Schriftelijke morfologische analyse van het deelwoord
Pyatak rinkelde en stuiterde over de weg.
Rinkelen (gerold)
1. Rinkelen - Dnjepr.
2. Gerold (hoe? Wat doet?) Rinkelen. N.f. - ring.
Morph. tekens: nesov. eeuw., onherroepelijk., imper., onveranderd.
3. (Hoe? Wat doe je?) Rinkelen.
Stuiteren (gerold)
1. Stuiteren - Dnjepr.
2. Gerold (zoals? Wat, doen?) Stuiteren. N.f. - stuiteren.
Morph. tekens: nesov. eeuw., onherroepelijk., imper., onveranderd.
3. (Hoe? Wat doe je?) Stuiteren.
Orale morfologische analyse van het deelwoord
Rinkelen (gerold)
1. Ringing - een verbaal deelwoord, geeft een secundaire actie aan.
2. Gerold (hoe? Wat te doen?) Rinkelen. De eerste vorm is om te bellen.

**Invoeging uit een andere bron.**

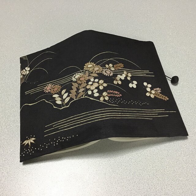 地色はチャコールグレー、、、もう秋の草花を取り入れ、一足早い装いを演出しています。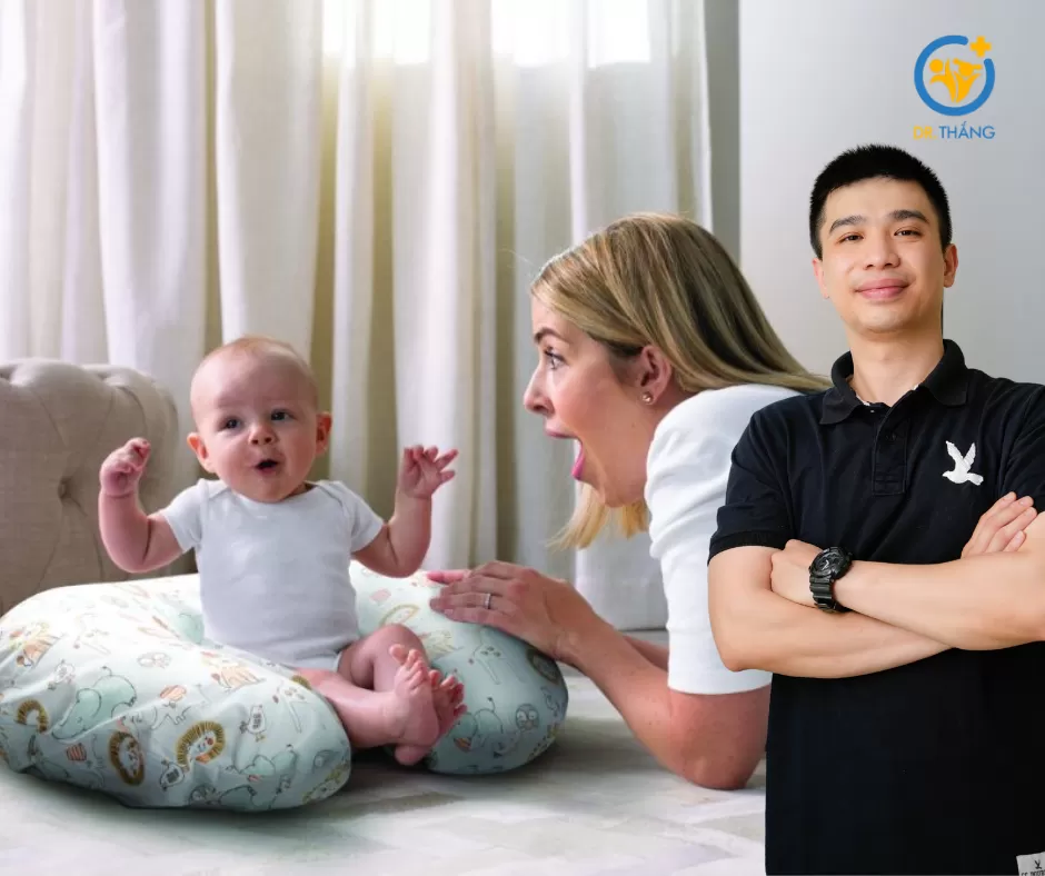 Trẻ không ngồi vững khi đã 8–9 tháng: Trẻ vẫn cần nhiều hỗ trợ khi ngồi, dễ ngã hoặc không giữ được lưng thẳng, cho thấy khả năng kiểm soát cơ thể còn yếu.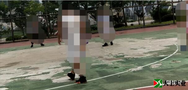2.體育館室外籃球場自建成投入使用以來,一直缺少維護修繕,由于使用頻率高,目前地面已經(jīng)破爛不堪,多處地方有地面裂開破損的現(xiàn)象,對于打球的人來說,隨時伴有滑倒摔跤的可能。而且以前還有凳子供休息,但是破損后就被拆了,很多人就把電瓶車騎進來供休息時坐一會,所以里面的車越來越多,很不文明。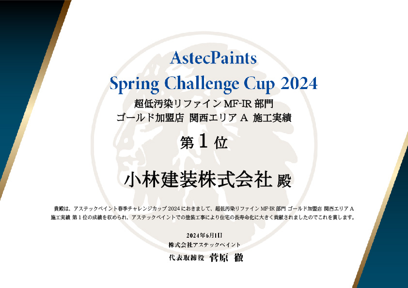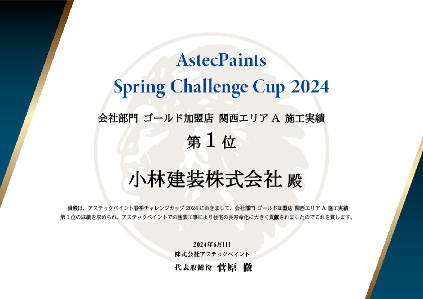 2024年秋季チャレンジカップ 会社部門 施工実績 大阪1位

Morfologische tekens: onvolmaakte vorm, onomkeerbare, onovergankelijke, onveranderlijke werkwoordsvorm.
3. In de zin speelt de omstandigheid de syntactische rol.
Stuiteren (gerold)
1. Opspringen is een verbaal deelwoord, staat voor een secundaire handeling.
2. Gerold (hoe? Wat doet u?) Stuiteren. De eerste vorm is om te stuiteren.
Morfologische tekens: onvolmaakte vorm, onomkeerbare, onovergankelijke, onveranderlijke werkwoordsvorm.
3. In de zin speelt de omstandigheid de syntactische rol.